A sweeping story told in letters, spanning two continents and two world wars, Jessica Brockmole’s atmospheric debut novel captures the indelible ways that people fall in love, and celebrates the power of the written word to stir the heart.
March 1912: 24-year-old Elspeth Dunn, a published poet, has never seen the world beyond her home on Scotland’s remote Isle of Skye. So she is astonished when her first fan letter arrives, from a college student, David Graham, in far-away America. As the two strike up a correspondence - sharing their favorite books, wildest hopes, and deepest secrets - their exchanges blossom into friendship, and eventually into love. But as World War I engulfs Europe and David volunteers as an ambulance driver on the Western front, Elspeth can only wait for him on Skye, hoping he’ll survive.
June 1940: At the start of World War II, Elspeth’s daughter, Margaret, has fallen for a pilot in the Royal Air Force. Her mother warns her against seeking love in wartime, an admonition Margaret doesn’t understand. Then, after a bomb rocks Elspeth’s house, and letters that were hidden in a wall come raining down, Elspeth disappears. Only a single letter remains as a clue to Elspeth’s whereabouts. As Margaret sets out to discover where her mother has gone, she must also face the truth of what happened to her family long ago.

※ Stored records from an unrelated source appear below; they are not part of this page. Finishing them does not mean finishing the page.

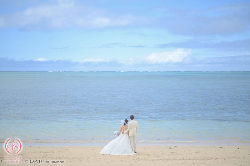 恩納村で過ごす時間は、とてもゆったりしています。白い砂浜を踏む音、波打ち際の音視線を上げれば遥かに広がる空、非日常の時間の中で挙げるウェディングは他では味わえないものがあります。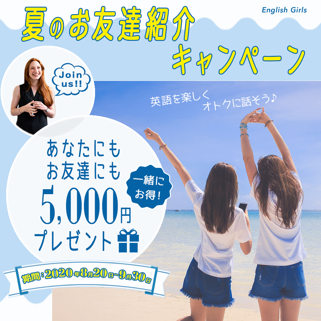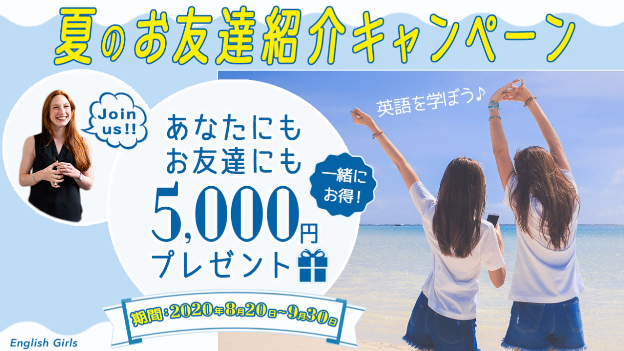 英会話スクールなんだ。わたしにもお友達にも5,000円プレゼントくれるんだ
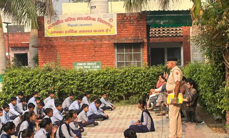 पुलिस अधीक्षक करनाल श्री मोहित हाण्डा के कुशल निर्देशन में आज सुबह थाना यातायात टीम द्वारा राजकीय वरिष्ठ माध्यमिक विघालय, चिड़ाव के विघार्थीयों को यातायात नियमों बारे विस्तार से जानकारी दी गई व दुर्घटना में घायल व्यक्ति की सहायता करने के लिए प्रेरित करते हुए नेक व्यक्तियों की सुची में शामिल होने के लिए भी बताया गया।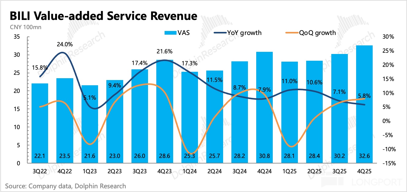 直播 + 大會員訂閲為主的 VAS 增值服務收入,四季度同比增長 5.8%,增速繼續放緩。

Sparkling with charm and full of captivating period detail, Letters from Skye is a testament to the power of love to overcome great adversity, and marks Jessica Brockmole as a stunning new literary voice.
©2013 Jessica Brockmole (P)2013 Random House Audio
I got lost in this beautiful narrative with excellent performances by multiple narrators. Set on two continents with the backdrop of two wars, it held my interest from the very first sentence to the very last. An ode to the true lost art of letter writing!
Excellent narration and clever format. The prose was beautiful enough to give this novel high marks, but I appreciated the surprise plot twists. I'll definitely look for more by this author.
A nice historical romance told in a series of letters. High marks to the production of this audio book, which uses multiple narrators to voice the characters. ( I wasn't too fond of the narrator for David, but the others were good, and the Scottish accents added authenticity to the story). Some plausibility problems with the story, especially at the end, but it is a romance, so I guess a happy ending is required.
Wonderful performances added to my enjoyment of this epistolary novel. (I followed along with the print version.) I liked the era (WWI-WWII years), the characters and the story. Highly recommended to fans of epistolary novels.